#### Activity:
What you produce should be the lines from the line containing "Bague Argent Blanc" through the last line below, both ends included, reproduced exactly and without pictures.

Stored records:
● ● ● ● ● ● ●

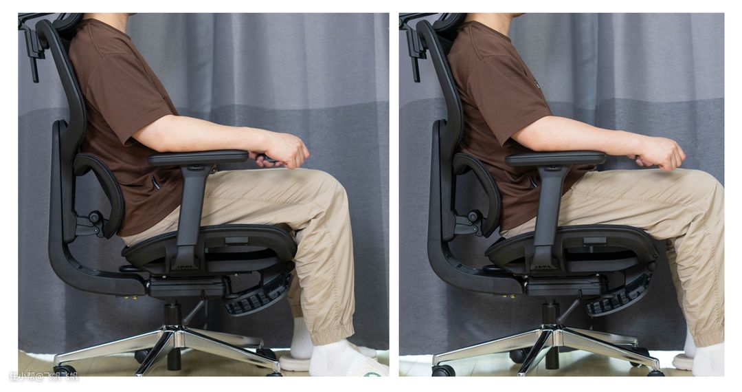 肉眼看到调节是往前推了,但腰部靠上去后差异只是支撑感大小的差别。
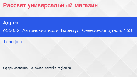 Рассвет, универсальный магазин по адресу 656052, Алтайский край, Барнаул, Северо-Западная, 163 в дальнейшем Организация, размещена в следующих категориях:
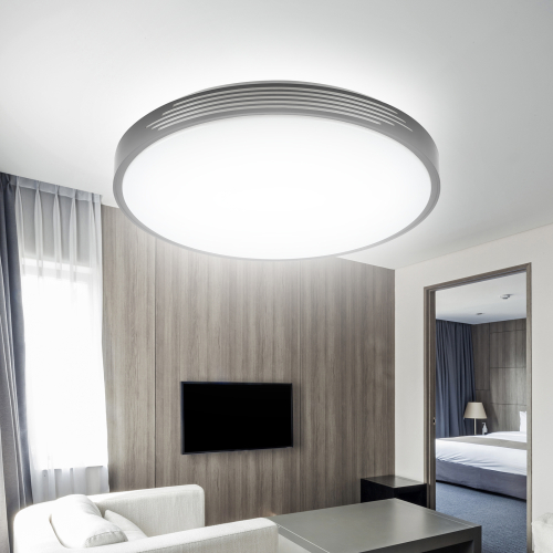 Светодиодный светильник ЭРА SPB-6-70-RC серии Liburn может крепиться на стену или потолок. Особым акцентом в его дизайне выступает контрастное кольцо, которое придает особый шик лампе. Яркость и цветовую температуру светильника можно регулировать, для чего в комплект входит пульт дистанционного управления. Цветовая температура данной модели изменяется в пределах от 3000 К до 6000 К. Основание светильника выполнено из металла, на котором расположен LED-модуль и современный безопасный драйвер. Диаметр светодиодной лампы составляет 50 см, мощность лампы 70 Вт. Светодиодная лампа гармонично впишется в современный интерьер.
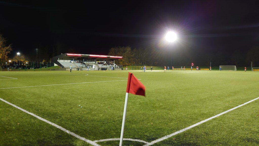 The game wasn’t littered with big chances but it flowed from one end of the pitch to the other under a constant gentle rain of falling orange and brown leaves. Both sides had dipping long range efforts that went just over the bar before any keeper was tested, The first time a keeper was challenged to make a save was when the Bække custodian got down to block an effort from Uhd but could only send it in the direction of the onrushing Tobias Sadova who lashed the ball into the roof of the net from 6 yards. This got Skovlund tails up and they took the game to their opponents but to be fair to Bække the stood up and defended well. Against the run of play the equaliser came when a great ball in from the right from Max Hedeager made its way to the back post for Michael Schmidt to blast into the top corner from close range. This creating a huge cheer from the stand which showed that most of the almost hundred in attendance were there to see the men in blue and white.
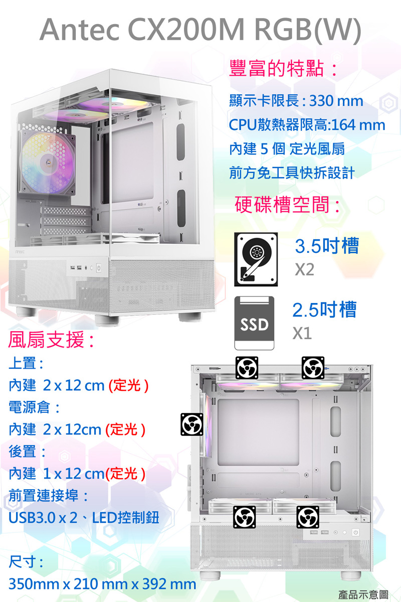 機殼:Antec CX200M RGB M-ATX電腦機殼(白)
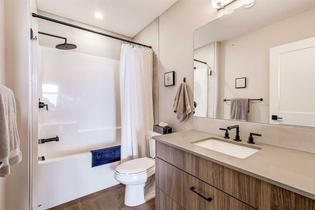 Welcome to this stunning, fully furnished, modern 1-bedroom condo—an ideal space for first-time buyers, savvy investors, or anyone seeking a comfortable, low-maintenance home. Built in 2023, this beautifully designed unit features a spacious bedroom with large windows that flood the space with natural light, complemented by a sleek 4-piece ensuite bathroom. The open-concept kitchen boasts stainless steel appliances, an eat-up island, and flows seamlessly into a bright living area—perfect for relaxing or entertaining guests. Step outside onto your private balcony to enjoy fresh air and scenic views. Additional highlights include in-unit laundry with a full-size washer and dryer, air conditioning, and a convenient half-bathroom for guests. The condo also comes with a titled underground parking stall and a separate storage locker. Located in a quiet, well-maintained complex, this home offers unmatched convenience with quick access to major routes including Stoney Trail, Sarcee Trail, and Shaganappi Trail. You’re just minutes away from schools, public transit, shopping centers, dining options, and key business hubs. Pet-friendly with board approval. This condo blends style, function, and location—making it a perfect place to call home or a valuable addition to your investment portfolio.
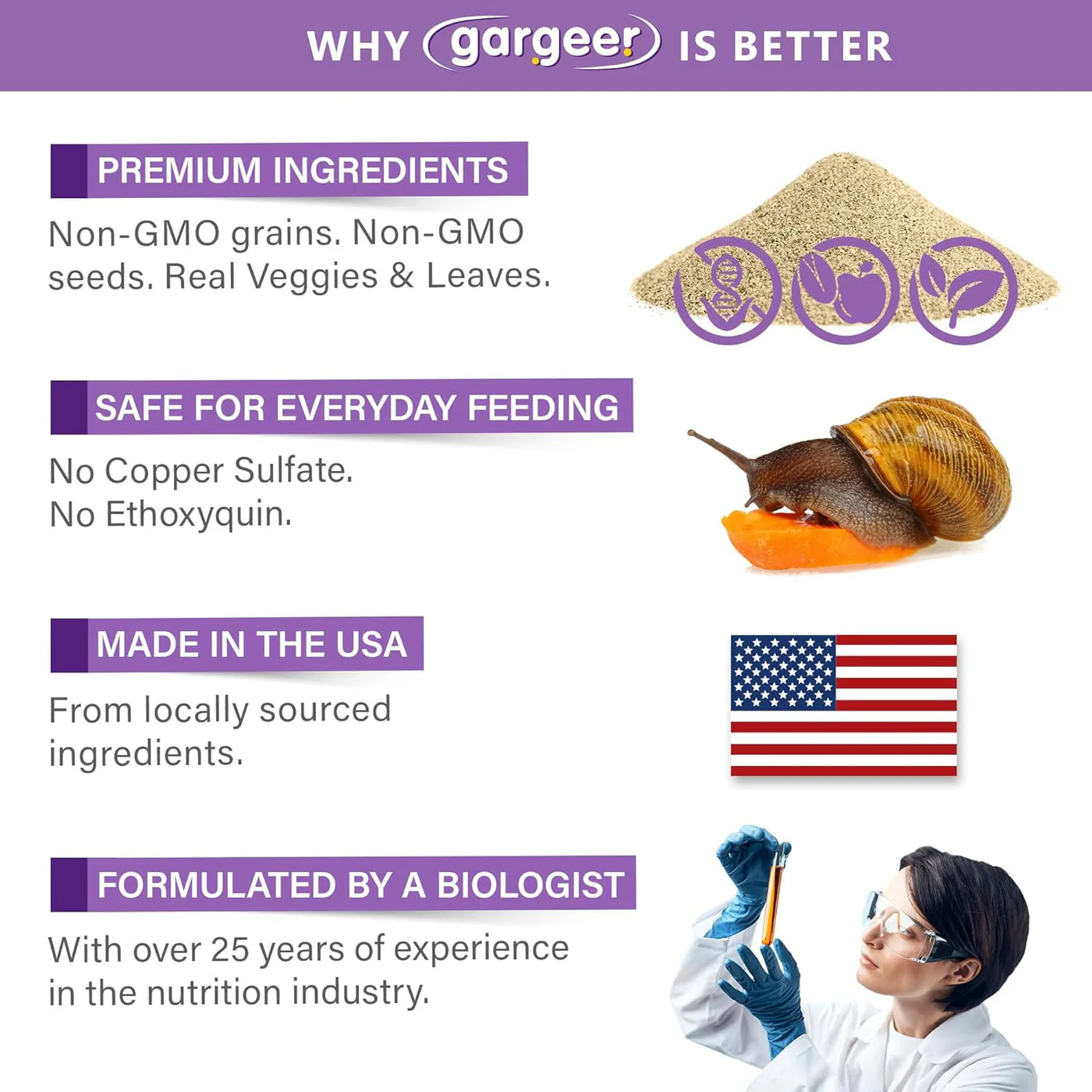 Gargeer Land Snail Veggie Complete Diet is formulated with a blend of premium, nutrient-rich ingredients including Non-GMO Oats, Hemp Seeds, Pumpkin Seeds, Black Soldier Fly Larvae, Dandelion Leaf, Dried Mushroom, and Sweet Potato. These ingredients are packed with essential vitamins, minerals, and proteins necessary for the health and vitality of land snails.
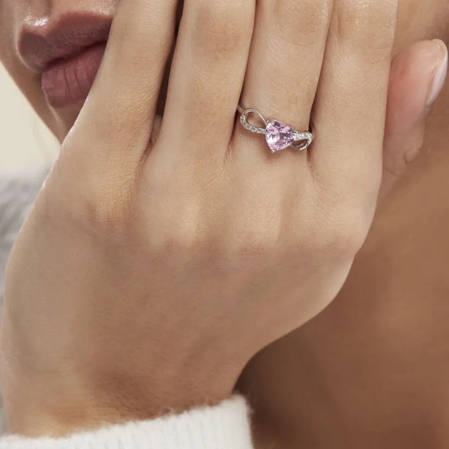 Bague Argent Blanc 925/1000 Coeur Rose Serti Griffes Accompagne Oxydes De Zirconium
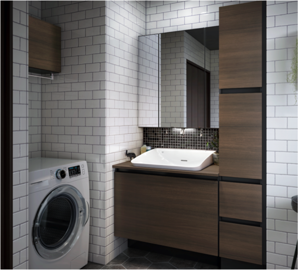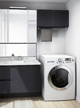 洗面化粧台は、鏡の背面に収納できるタイプが、すっきり片付いて便利です。 洗濯機がドラム式だったり、乾燥機を使わない場合は、洗濯機の上部にランドリーキャビネットをつけると、スペースが有効活用でき便利です。スペースに余裕があれば、家族の下着を収納できると便利ですね。
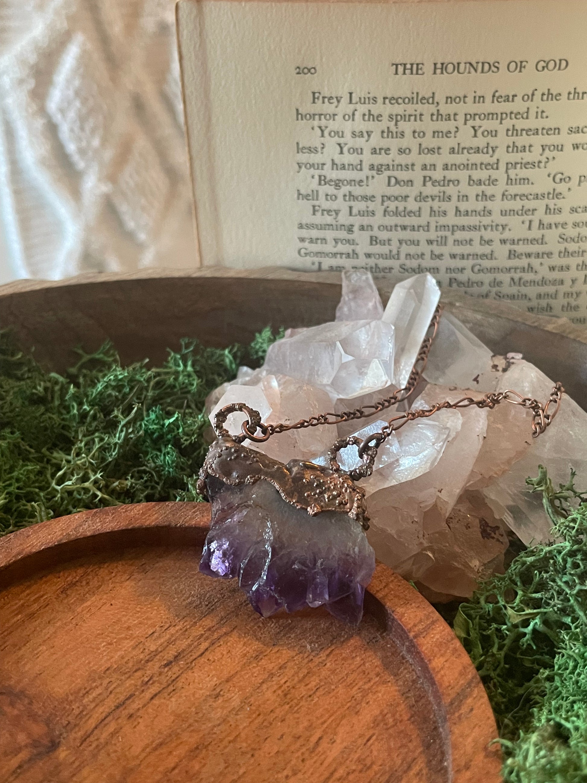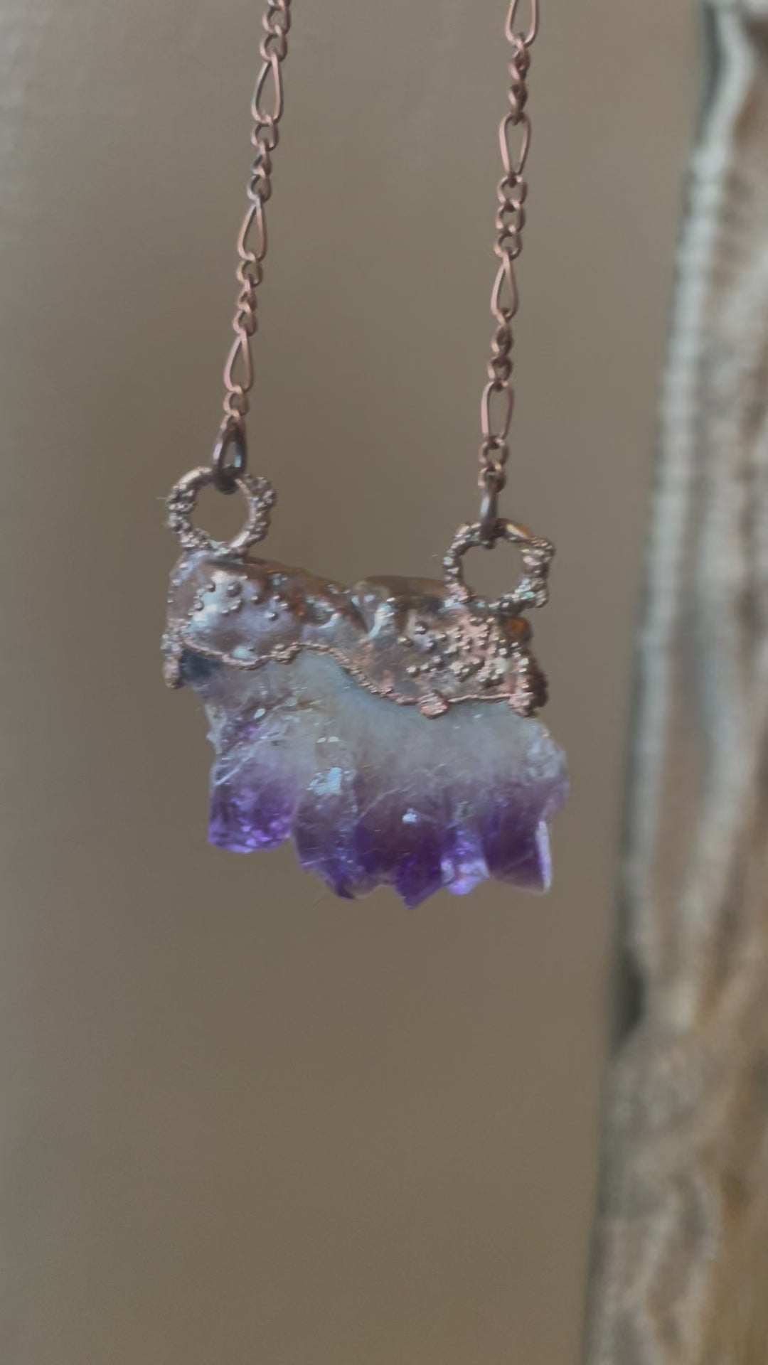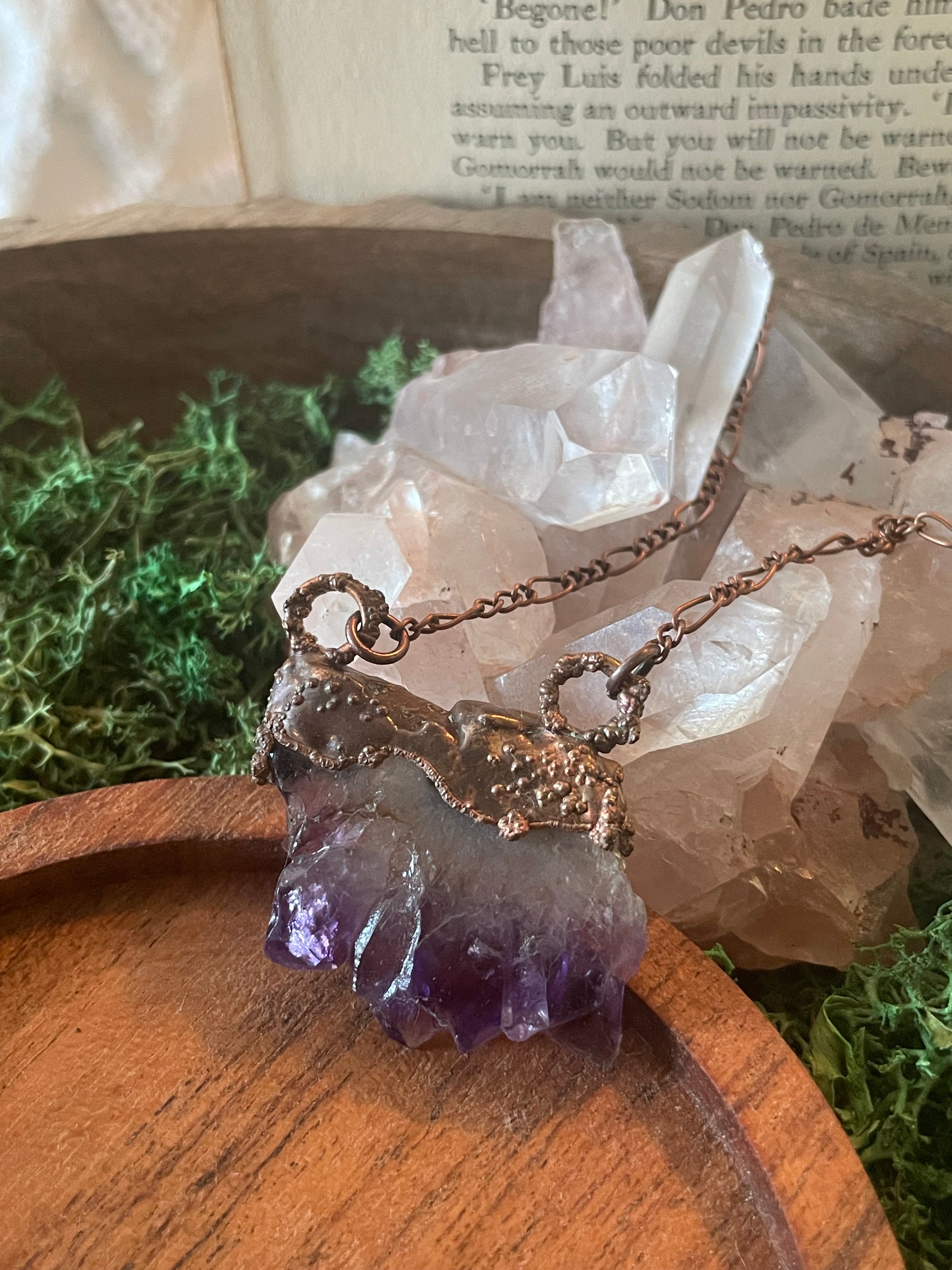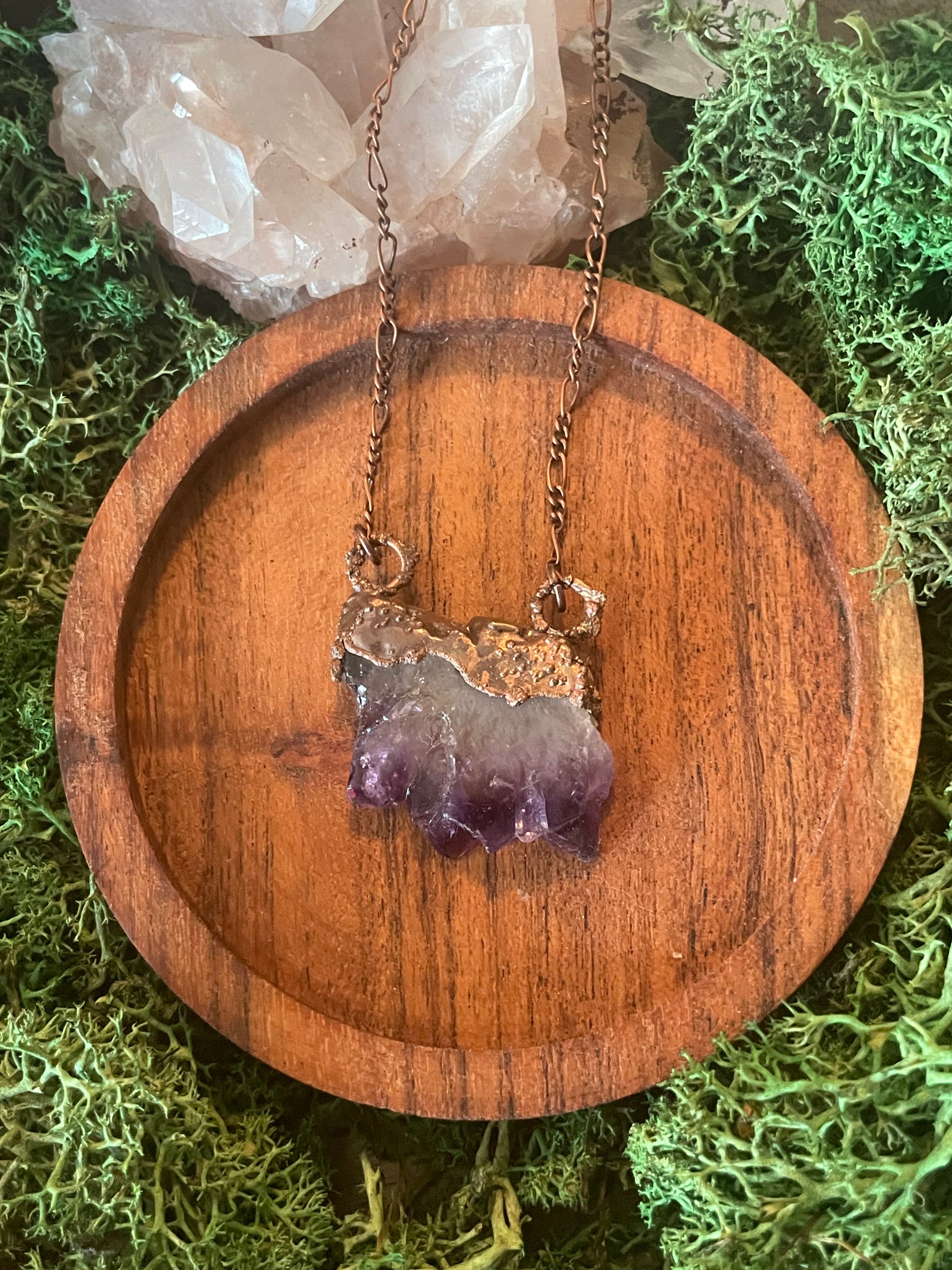 Electroformed Copper Amethyst Stalactite Stone Necklace

● ● ● ● ● ● ●

#### Task result:
 Bague Argent Blanc 925/1000 Coeur Rose Serti Griffes Accompagne Oxydes De Zirconium
 洗面化粧台は、鏡の背面に収納できるタイプが、すっきり片付いて便利です。 洗濯機がドラム式だったり、乾燥機を使わない場合は、洗濯機の上部にランドリーキャビネットをつけると、スペースが有効活用でき便利です。スペースに余裕があれば、家族の下着を収納できると便利ですね。
 Electroformed Copper Amethyst Stalactite Stone Necklace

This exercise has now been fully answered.